EXTRACTED RECORDS Start Marker
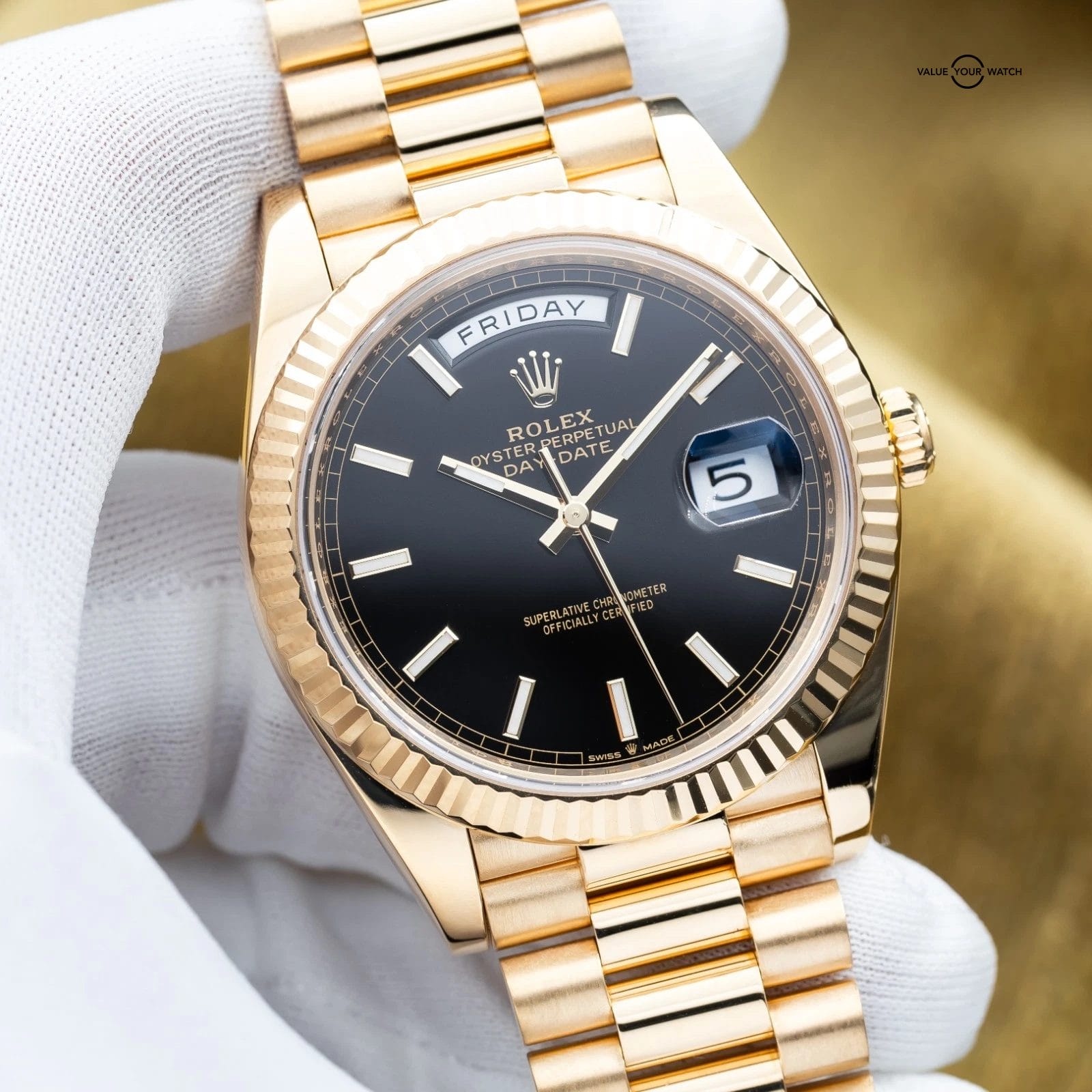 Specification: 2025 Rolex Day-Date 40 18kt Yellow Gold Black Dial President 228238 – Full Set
EXTRACTED RECORDS End Marker
EXTRACTED RECORDS Start Marker
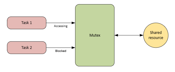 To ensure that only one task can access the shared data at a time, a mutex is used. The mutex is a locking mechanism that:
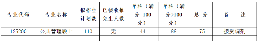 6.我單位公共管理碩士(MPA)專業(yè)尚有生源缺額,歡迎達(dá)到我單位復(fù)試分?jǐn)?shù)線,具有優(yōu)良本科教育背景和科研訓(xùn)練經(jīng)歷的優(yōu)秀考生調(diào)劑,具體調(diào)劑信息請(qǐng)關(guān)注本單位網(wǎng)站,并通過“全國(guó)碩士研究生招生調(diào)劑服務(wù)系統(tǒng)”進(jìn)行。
EXTRACTED RECORDS End Marker
WHAT YOU HAVE TO DO: Using the data above, copy exactly the lines from the one containing "To ensure that" to the one containing "6.我單位公共管理碩士(MP", inclusive. Exclude the pictures.

WRITTEN ANSWER:
 To ensure that only one task can access the shared data at a time, a mutex is used. The mutex is a locking mechanism that:
 6.我單位公共管理碩士(MPA)專業(yè)尚有生源缺額,歡迎達(dá)到我單位復(fù)試分?jǐn)?shù)線,具有優(yōu)良本科教育背景和科研訓(xùn)練經(jīng)歷的優(yōu)秀考生調(diào)劑,具體調(diào)劑信息請(qǐng)關(guān)注本單位網(wǎng)站,并通過“全國(guó)碩士研究生招生調(diào)劑服務(wù)系統(tǒng)”進(jìn)行。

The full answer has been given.